**Records for this task:**
"""
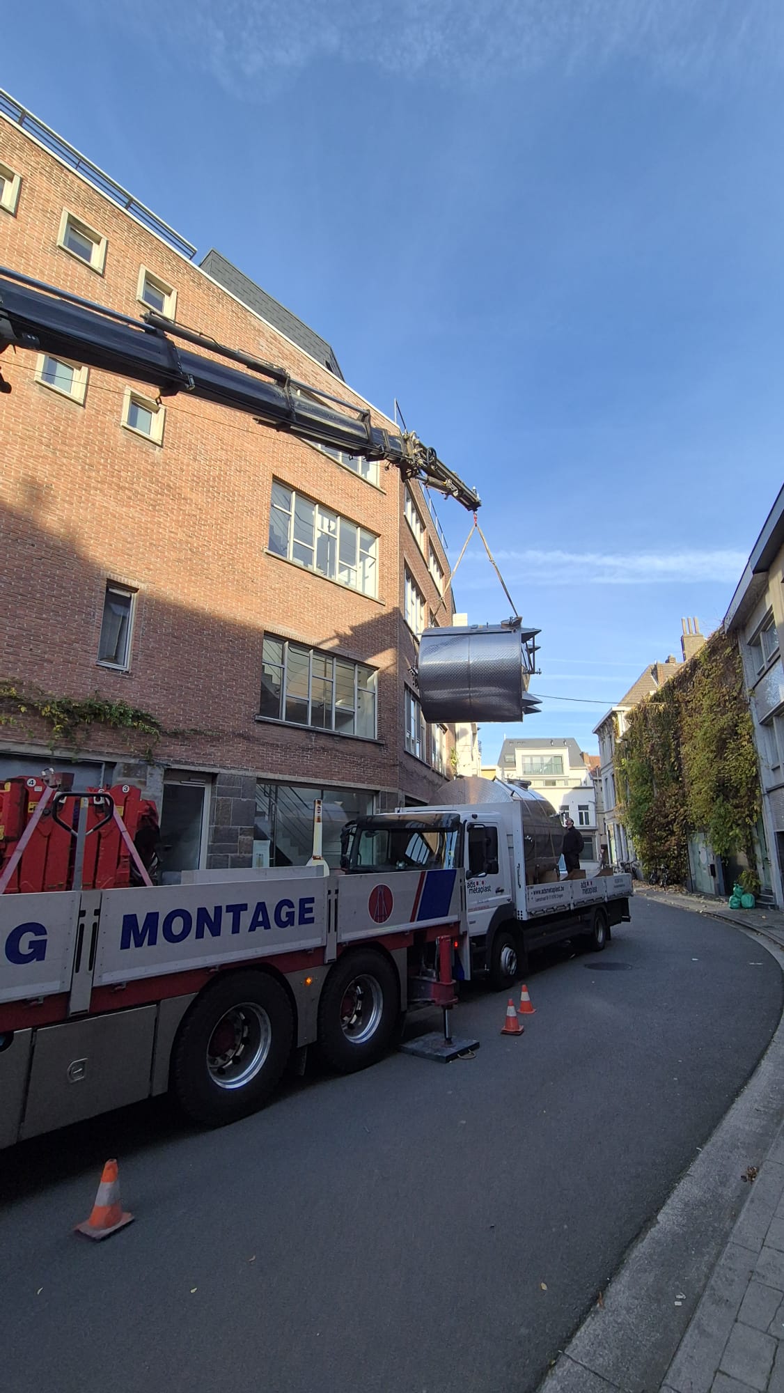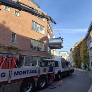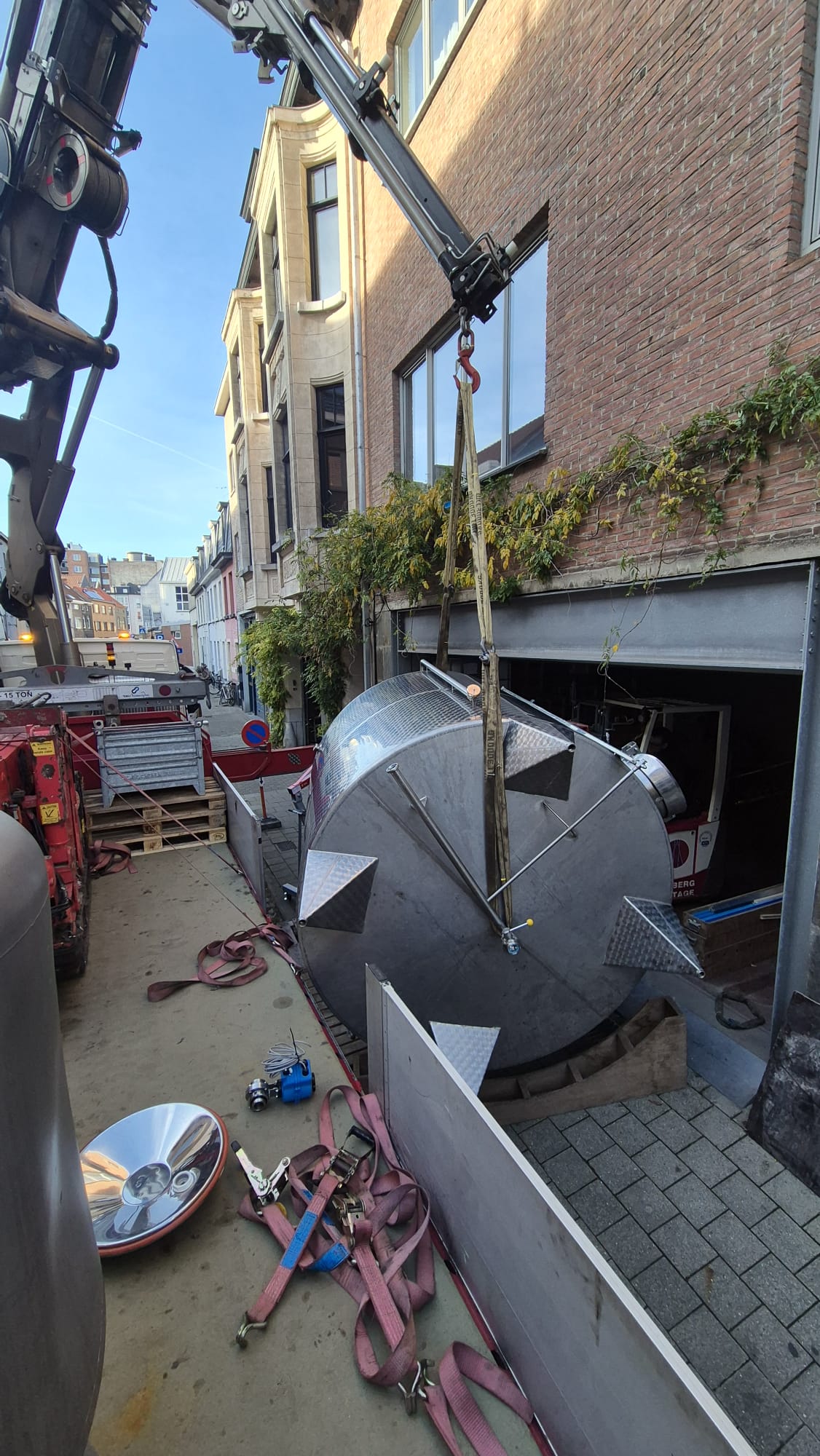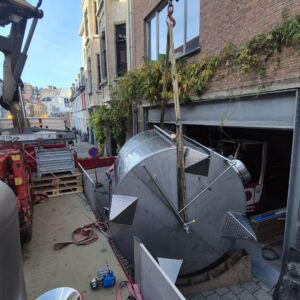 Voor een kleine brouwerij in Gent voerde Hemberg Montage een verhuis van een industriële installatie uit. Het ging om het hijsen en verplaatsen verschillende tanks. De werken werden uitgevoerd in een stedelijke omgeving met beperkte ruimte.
"""
"""
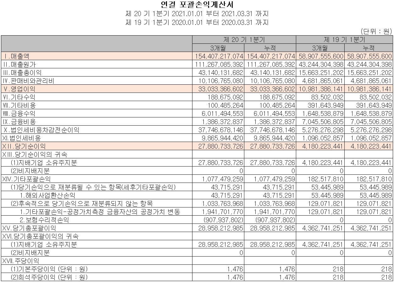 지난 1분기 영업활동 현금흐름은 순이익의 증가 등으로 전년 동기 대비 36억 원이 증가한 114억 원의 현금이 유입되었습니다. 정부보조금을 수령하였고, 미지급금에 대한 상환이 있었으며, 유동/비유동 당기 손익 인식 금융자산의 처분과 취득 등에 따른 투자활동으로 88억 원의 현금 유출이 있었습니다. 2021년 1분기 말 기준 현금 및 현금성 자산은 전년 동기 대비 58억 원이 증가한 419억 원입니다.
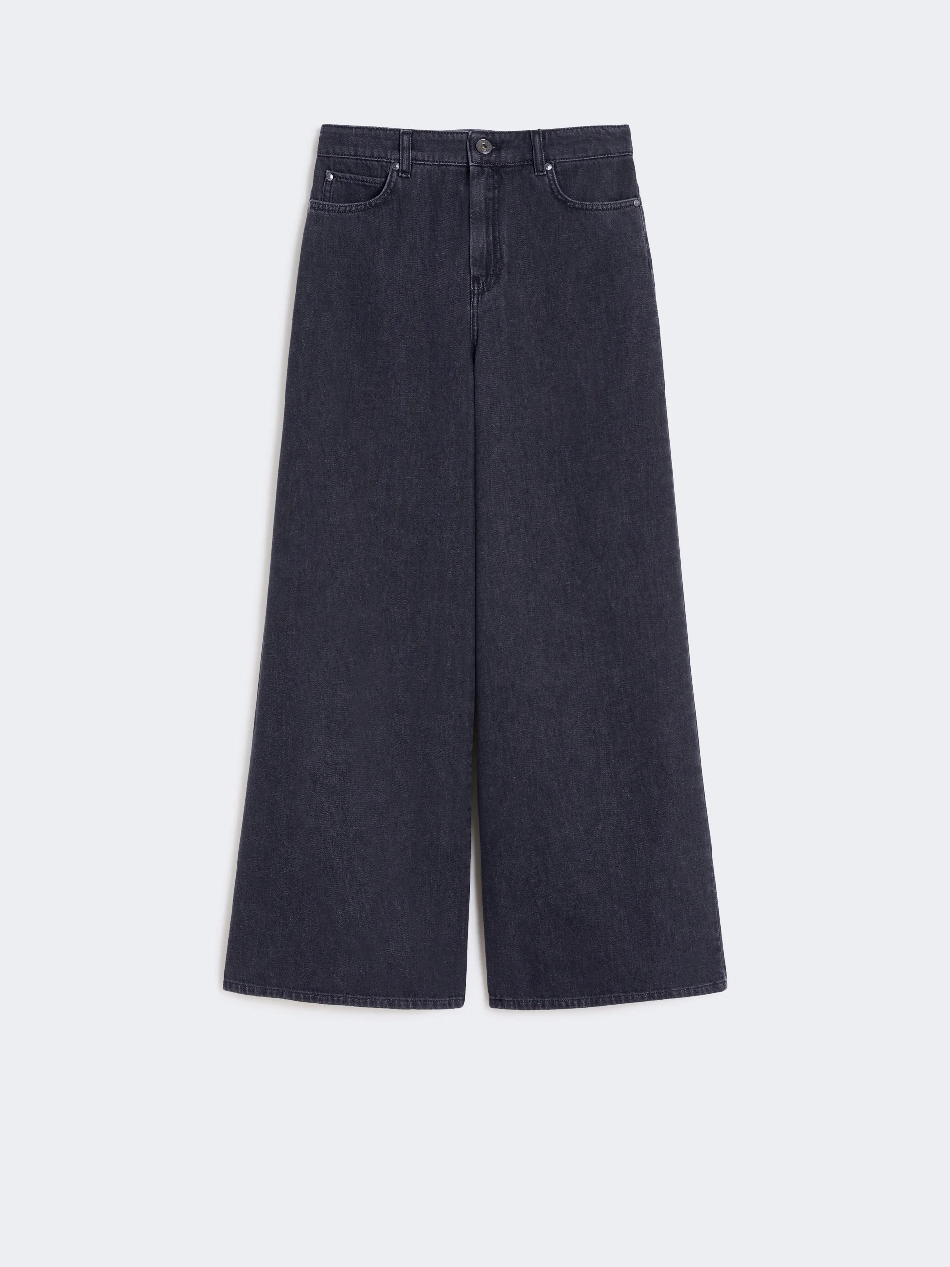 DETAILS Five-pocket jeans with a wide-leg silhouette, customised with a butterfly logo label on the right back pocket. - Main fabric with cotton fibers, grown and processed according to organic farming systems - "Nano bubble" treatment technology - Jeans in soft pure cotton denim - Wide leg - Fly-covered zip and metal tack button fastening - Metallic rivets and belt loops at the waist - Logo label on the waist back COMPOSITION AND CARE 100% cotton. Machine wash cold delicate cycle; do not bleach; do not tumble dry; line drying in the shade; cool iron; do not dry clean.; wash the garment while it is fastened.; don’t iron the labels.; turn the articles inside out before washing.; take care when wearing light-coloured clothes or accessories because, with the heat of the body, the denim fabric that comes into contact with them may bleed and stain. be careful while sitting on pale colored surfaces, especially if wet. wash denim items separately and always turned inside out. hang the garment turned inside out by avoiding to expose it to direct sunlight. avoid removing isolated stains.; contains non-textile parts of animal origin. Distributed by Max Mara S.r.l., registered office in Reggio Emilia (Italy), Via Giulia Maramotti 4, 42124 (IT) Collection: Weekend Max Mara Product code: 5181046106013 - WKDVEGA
"""
"""
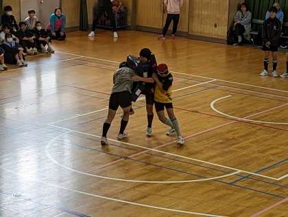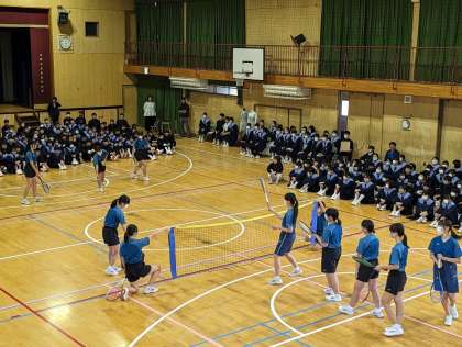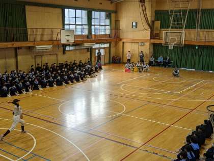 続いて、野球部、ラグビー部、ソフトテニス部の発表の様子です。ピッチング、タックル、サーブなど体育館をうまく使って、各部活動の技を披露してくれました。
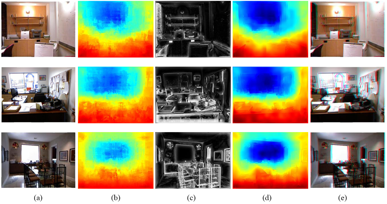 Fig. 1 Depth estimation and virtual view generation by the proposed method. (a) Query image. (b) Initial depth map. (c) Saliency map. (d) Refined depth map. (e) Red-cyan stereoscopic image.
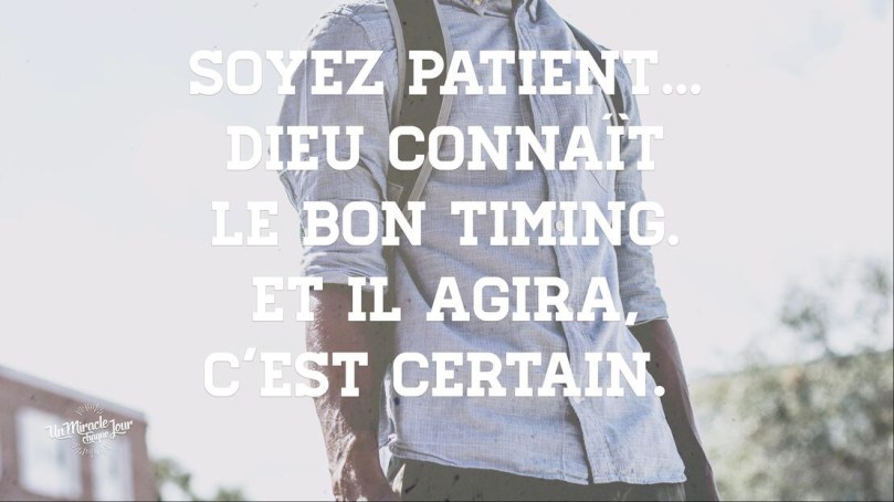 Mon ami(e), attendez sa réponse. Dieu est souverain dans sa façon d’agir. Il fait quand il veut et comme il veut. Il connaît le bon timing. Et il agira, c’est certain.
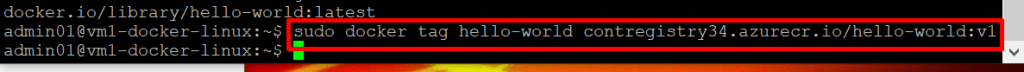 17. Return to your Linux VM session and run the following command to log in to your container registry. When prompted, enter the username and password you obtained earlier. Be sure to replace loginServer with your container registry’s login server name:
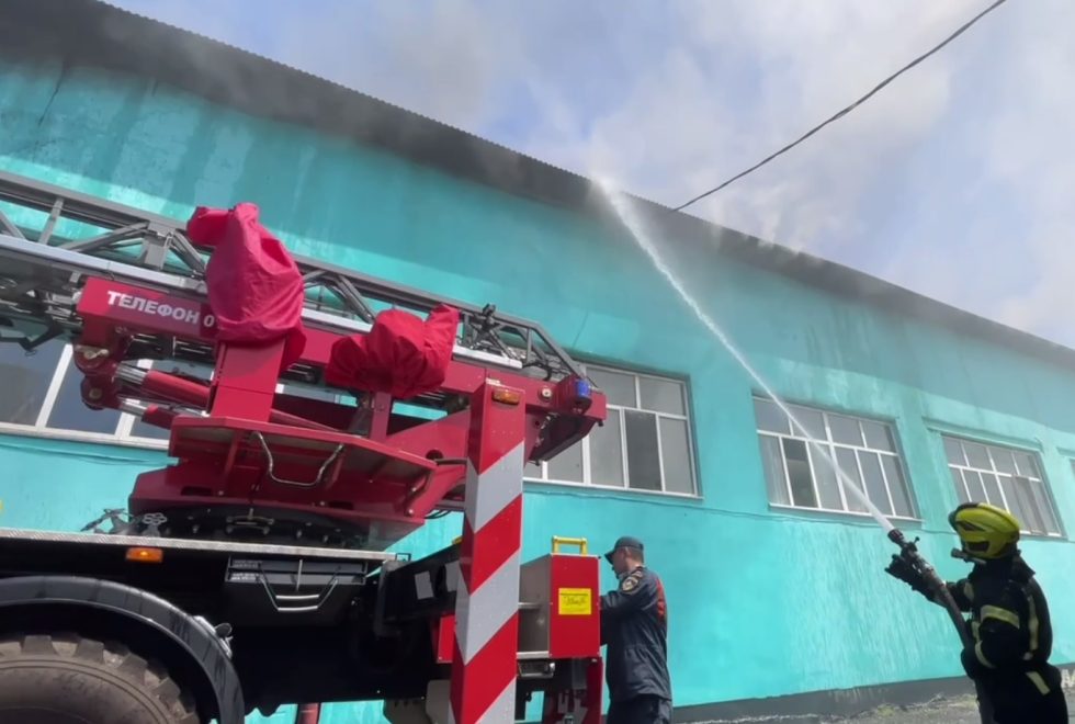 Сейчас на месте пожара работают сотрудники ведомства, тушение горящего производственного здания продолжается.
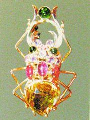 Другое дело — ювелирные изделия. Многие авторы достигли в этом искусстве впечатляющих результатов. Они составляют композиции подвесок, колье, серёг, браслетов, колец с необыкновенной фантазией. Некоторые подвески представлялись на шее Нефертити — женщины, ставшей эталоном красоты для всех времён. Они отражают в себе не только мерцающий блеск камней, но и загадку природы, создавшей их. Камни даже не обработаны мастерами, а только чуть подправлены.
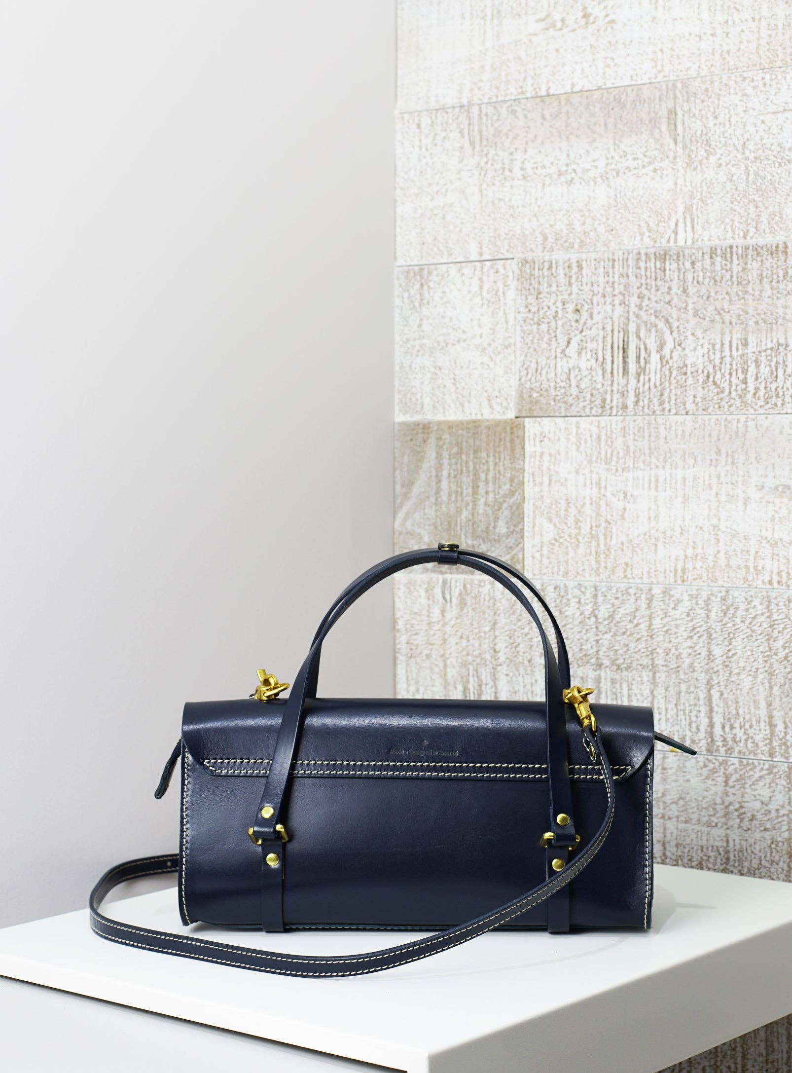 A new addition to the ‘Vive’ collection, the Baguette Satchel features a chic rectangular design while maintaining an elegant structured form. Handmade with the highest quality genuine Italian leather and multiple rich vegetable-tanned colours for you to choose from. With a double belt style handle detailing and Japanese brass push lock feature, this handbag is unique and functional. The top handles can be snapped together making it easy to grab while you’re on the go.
"""
**Problem details:**
Using the records above, print exactly the lines between the ones containing "続いて、野球部、ラグビー部、" and "Сейчас на месте", inclusive, and nothing else; no pictures.

**Answer box:**
 続いて、野球部、ラグビー部、ソフトテニス部の発表の様子です。ピッチング、タックル、サーブなど体育館をうまく使って、各部活動の技を披露してくれました。
 Fig. 1 Depth estimation and virtual view generation by the proposed method. (a) Query image. (b) Initial depth map. (c) Saliency map. (d) Refined depth map. (e) Red-cyan stereoscopic image.
 Mon ami(e), attendez sa réponse. Dieu est souverain dans sa façon d’agir. Il fait quand il veut et comme il veut. Il connaît le bon timing. Et il agira, c’est certain.
 17. Return to your Linux VM session and run the following command to log in to your container registry. When prompted, enter the username and password you obtained earlier. Be sure to replace loginServer with your container registry’s login server name:
 Сейчас на месте пожара работают сотрудники ведомства, тушение горящего производственного здания продолжается.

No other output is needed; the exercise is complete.